Remarkably, the monkeys regained use of paralyzed muscles by learning to control the activity of just a single brain cell.
The result is "an important step forward," said Dawn Taylor of Case Western Reserve University in Cleveland, who studies the concept of using brain signals to overcome paralysis. She wasn't involved in the new work.
The device monitored the activity of a brain cell and used that as a cue to stimulate wrist muscles electrically. Researchers found it could even use brain cells that normally had nothing to do with wrist movement, said study co-author Chet Moritz.
So a large untapped pool of brain cells may be available for letting paralyzed people do things like grasping a coffee cup or brushing teeth, Moritz said. But he stressed the approach is years, if not decades, away from use in people.
Moritz and colleagues at the University of Washington in Seattle report the results in a paper published online Wednesday by the journal Nature.
Taylor, who also works with the Cleveland VA Medical Center, said the results illustrate the potential of the approach and the flexibility of brain cells.
Lee Miller, a researcher at Northwestern University who has done similar work, said any demonstration of a device using brain signals to make paralyzed limbs move is "an important new development."
Miller used the pattern of activity in about 100 brain cells to predict the kind of wrist movement a monkey wanted to make. Moritz said focusing on the outputs of individual brain cells instead may turn out to work better for overcoming paralysis.
The research is an example of what scientists call functional electrical stimulation, or FES, which involves stimulating muscles by applying electrical current. Partially paralyzed people use FES devices now to let them stand, walk, use their arms and hands, and do other things. But they control those devices by flicking a switch, moving joints or tensing a muscle even, say, the muscle that lets them wiggle an ear.
Taylor said using brain signals instead could be a particularly good strategy for people paralyzed from the neck down. That's because such people have so few available muscles to tell devices how they want their arms and hands to move.

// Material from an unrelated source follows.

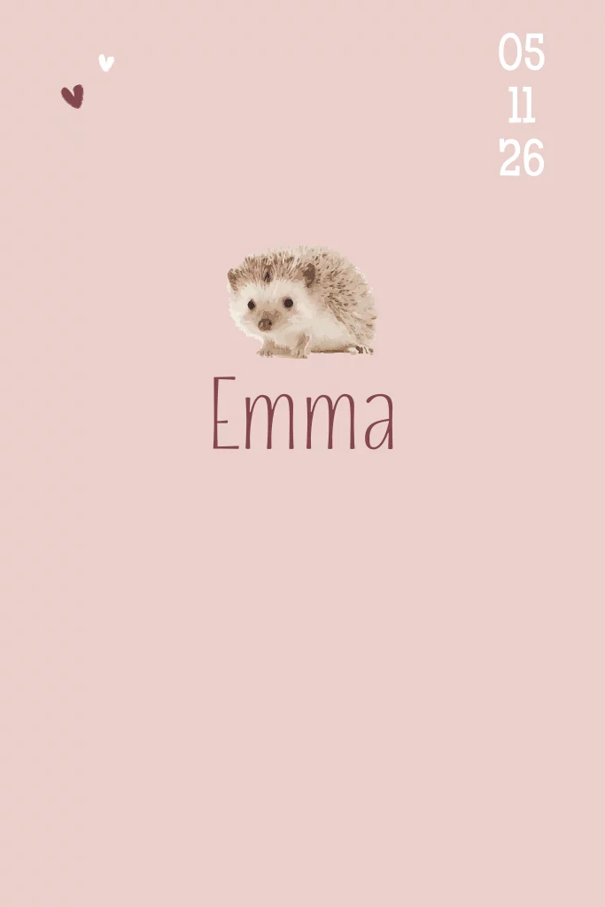 Lief geboortekaartje egel met een realistisch getekende egel. (23480)

In the new work, scientists worked with two pigtail macaques. Each animal's hand was placed on a flat surface and immobilized. The animals learned that by using their wrists to press their hands downward or upward, they could make a computer cursor reach a target on a screen. Then researchers temporarily paralyzed their wrists with an anesthetic.
Scientists put a probe into the animals' brains that monitored how often a single brain cell was firing electrical signals. That firing rate was converted into an electrical stimulation that went to the wrist muscles.
It was set up so that different firing rates would make the hand press downward or upward, or relax. The monkeys quickly learned to use the brain cells to control their wrist muscles and continue playing the computer game.
In people, more complex movements would require monitoring many brain cells at once to activate multiple muscles, Moritz said. Researchers would rely on the brain to learn how to coordinate all these signals to produce a useful motion, he said. After all, that's what the brain does when a person learns to swing a tennis racket effectively, he said.
"There's a long ways to go, and there's no way to say with confidence that it will work," Moritz said.
It's also possible that a single brain cell could stimulate a group of muscles, if its signals are relayed to particular sites in the spinal cord, researchers said.
Andrew Schwartz of the University of Pittsburgh, who has used brain signals to enable monkeys to control robot arms, said he considered the new work a modest advance, noting hurdles that remain.